>>>>

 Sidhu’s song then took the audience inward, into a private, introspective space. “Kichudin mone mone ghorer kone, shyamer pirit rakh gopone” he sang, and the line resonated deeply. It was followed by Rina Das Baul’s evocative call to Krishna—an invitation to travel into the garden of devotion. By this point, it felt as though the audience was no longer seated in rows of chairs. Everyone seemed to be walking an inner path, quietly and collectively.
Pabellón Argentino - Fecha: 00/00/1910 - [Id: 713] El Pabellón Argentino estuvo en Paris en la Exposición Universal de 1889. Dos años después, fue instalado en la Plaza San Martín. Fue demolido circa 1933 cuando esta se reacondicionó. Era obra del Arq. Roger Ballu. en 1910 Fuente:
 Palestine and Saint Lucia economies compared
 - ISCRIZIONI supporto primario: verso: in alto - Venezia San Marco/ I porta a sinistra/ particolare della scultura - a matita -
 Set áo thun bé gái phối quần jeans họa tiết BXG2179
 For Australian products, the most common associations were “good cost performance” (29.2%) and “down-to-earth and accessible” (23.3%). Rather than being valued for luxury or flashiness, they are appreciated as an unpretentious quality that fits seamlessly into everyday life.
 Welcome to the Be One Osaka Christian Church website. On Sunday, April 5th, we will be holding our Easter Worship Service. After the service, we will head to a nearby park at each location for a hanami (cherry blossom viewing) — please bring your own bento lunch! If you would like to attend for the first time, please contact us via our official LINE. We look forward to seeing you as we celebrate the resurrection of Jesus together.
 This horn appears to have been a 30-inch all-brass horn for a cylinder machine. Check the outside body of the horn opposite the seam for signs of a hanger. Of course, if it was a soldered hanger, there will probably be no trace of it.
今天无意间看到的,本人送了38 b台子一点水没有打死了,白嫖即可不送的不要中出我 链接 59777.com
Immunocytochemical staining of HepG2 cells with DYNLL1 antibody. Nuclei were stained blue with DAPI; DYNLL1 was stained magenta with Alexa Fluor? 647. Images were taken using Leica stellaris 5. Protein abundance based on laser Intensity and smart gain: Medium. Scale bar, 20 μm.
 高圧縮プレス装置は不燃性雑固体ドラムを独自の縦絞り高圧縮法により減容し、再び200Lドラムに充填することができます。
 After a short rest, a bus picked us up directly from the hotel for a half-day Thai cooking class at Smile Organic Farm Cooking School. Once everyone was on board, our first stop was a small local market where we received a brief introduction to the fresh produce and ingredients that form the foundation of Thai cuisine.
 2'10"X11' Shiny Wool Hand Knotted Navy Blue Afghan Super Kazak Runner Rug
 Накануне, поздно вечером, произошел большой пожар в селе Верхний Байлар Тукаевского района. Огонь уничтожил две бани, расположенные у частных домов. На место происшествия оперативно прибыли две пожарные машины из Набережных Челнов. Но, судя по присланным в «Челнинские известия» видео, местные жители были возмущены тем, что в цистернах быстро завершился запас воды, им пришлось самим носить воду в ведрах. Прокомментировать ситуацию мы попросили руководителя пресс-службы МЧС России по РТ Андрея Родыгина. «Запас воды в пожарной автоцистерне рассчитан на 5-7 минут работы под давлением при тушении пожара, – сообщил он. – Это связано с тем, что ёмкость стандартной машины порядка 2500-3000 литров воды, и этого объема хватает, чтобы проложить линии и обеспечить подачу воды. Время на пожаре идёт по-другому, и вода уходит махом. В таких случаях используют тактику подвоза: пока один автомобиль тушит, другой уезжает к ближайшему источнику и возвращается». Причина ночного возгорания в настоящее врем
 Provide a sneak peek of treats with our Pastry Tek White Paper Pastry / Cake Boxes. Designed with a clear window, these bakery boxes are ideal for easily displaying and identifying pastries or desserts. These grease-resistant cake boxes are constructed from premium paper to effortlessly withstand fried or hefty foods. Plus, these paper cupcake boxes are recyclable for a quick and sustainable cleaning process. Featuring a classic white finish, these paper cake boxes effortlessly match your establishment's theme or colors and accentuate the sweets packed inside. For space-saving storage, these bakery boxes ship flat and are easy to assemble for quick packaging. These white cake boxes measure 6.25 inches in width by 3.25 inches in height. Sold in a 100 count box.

<<<<

Aim of the exercise: Output the material in full, matching it word for word.

Output:
 Sidhu’s song then took the audience inward, into a private, introspective space. “Kichudin mone mone ghorer kone, shyamer pirit rakh gopone” he sang, and the line resonated deeply. It was followed by Rina Das Baul’s evocative call to Krishna—an invitation to travel into the garden of devotion. By this point, it felt as though the audience was no longer seated in rows of chairs. Everyone seemed to be walking an inner path, quietly and collectively.
Pabellón Argentino - Fecha: 00/00/1910 - [Id: 713] El Pabellón Argentino estuvo en Paris en la Exposición Universal de 1889. Dos años después, fue instalado en la Plaza San Martín. Fue demolido circa 1933 cuando esta se reacondicionó. Era obra del Arq. Roger Ballu. en 1910 Fuente:
 Palestine and Saint Lucia economies compared
 - ISCRIZIONI supporto primario: verso: in alto - Venezia San Marco/ I porta a sinistra/ particolare della scultura - a matita -
 Set áo thun bé gái phối quần jeans họa tiết BXG2179
 For Australian products, the most common associations were “good cost performance” (29.2%) and “down-to-earth and accessible” (23.3%). Rather than being valued for luxury or flashiness, they are appreciated as an unpretentious quality that fits seamlessly into everyday life.
 Welcome to the Be One Osaka Christian Church website. On Sunday, April 5th, we will be holding our Easter Worship Service. After the service, we will head to a nearby park at each location for a hanami (cherry blossom viewing) — please bring your own bento lunch! If you would like to attend for the first time, please contact us via our official LINE. We look forward to seeing you as we celebrate the resurrection of Jesus together.
 This horn appears to have been a 30-inch all-brass horn for a cylinder machine. Check the outside body of the horn opposite the seam for signs of a hanger. Of course, if it was a soldered hanger, there will probably be no trace of it.
今天无意间看到的,本人送了38 b台子一点水没有打死了,白嫖即可不送的不要中出我 链接 59777.com
Immunocytochemical staining of HepG2 cells with DYNLL1 antibody. Nuclei were stained blue with DAPI; DYNLL1 was stained magenta with Alexa Fluor? 647. Images were taken using Leica stellaris 5. Protein abundance based on laser Intensity and smart gain: Medium. Scale bar, 20 μm.
 高圧縮プレス装置は不燃性雑固体ドラムを独自の縦絞り高圧縮法により減容し、再び200Lドラムに充填することができます。
 After a short rest, a bus picked us up directly from the hotel for a half-day Thai cooking class at Smile Organic Farm Cooking School. Once everyone was on board, our first stop was a small local market where we received a brief introduction to the fresh produce and ingredients that form the foundation of Thai cuisine.
 2'10"X11' Shiny Wool Hand Knotted Navy Blue Afghan Super Kazak Runner Rug
 Накануне, поздно вечером, произошел большой пожар в селе Верхний Байлар Тукаевского района. Огонь уничтожил две бани, расположенные у частных домов. На место происшествия оперативно прибыли две пожарные машины из Набережных Челнов. Но, судя по присланным в «Челнинские известия» видео, местные жители были возмущены тем, что в цистернах быстро завершился запас воды, им пришлось самим носить воду в ведрах. Прокомментировать ситуацию мы попросили руководителя пресс-службы МЧС России по РТ Андрея Родыгина. «Запас воды в пожарной автоцистерне рассчитан на 5-7 минут работы под давлением при тушении пожара, – сообщил он. – Это связано с тем, что ёмкость стандартной машины порядка 2500-3000 литров воды, и этого объема хватает, чтобы проложить линии и обеспечить подачу воды. Время на пожаре идёт по-другому, и вода уходит махом. В таких случаях используют тактику подвоза: пока один автомобиль тушит, другой уезжает к ближайшему источнику и возвращается». Причина ночного возгорания в настоящее врем
 Provide a sneak peek of treats with our Pastry Tek White Paper Pastry / Cake Boxes. Designed with a clear window, these bakery boxes are ideal for easily displaying and identifying pastries or desserts. These grease-resistant cake boxes are constructed from premium paper to effortlessly withstand fried or hefty foods. Plus, these paper cupcake boxes are recyclable for a quick and sustainable cleaning process. Featuring a classic white finish, these paper cake boxes effortlessly match your establishment's theme or colors and accentuate the sweets packed inside. For space-saving storage, these bakery boxes ship flat and are easy to assemble for quick packaging. These white cake boxes measure 6.25 inches in width by 3.25 inches in height. Sold in a 100 count box.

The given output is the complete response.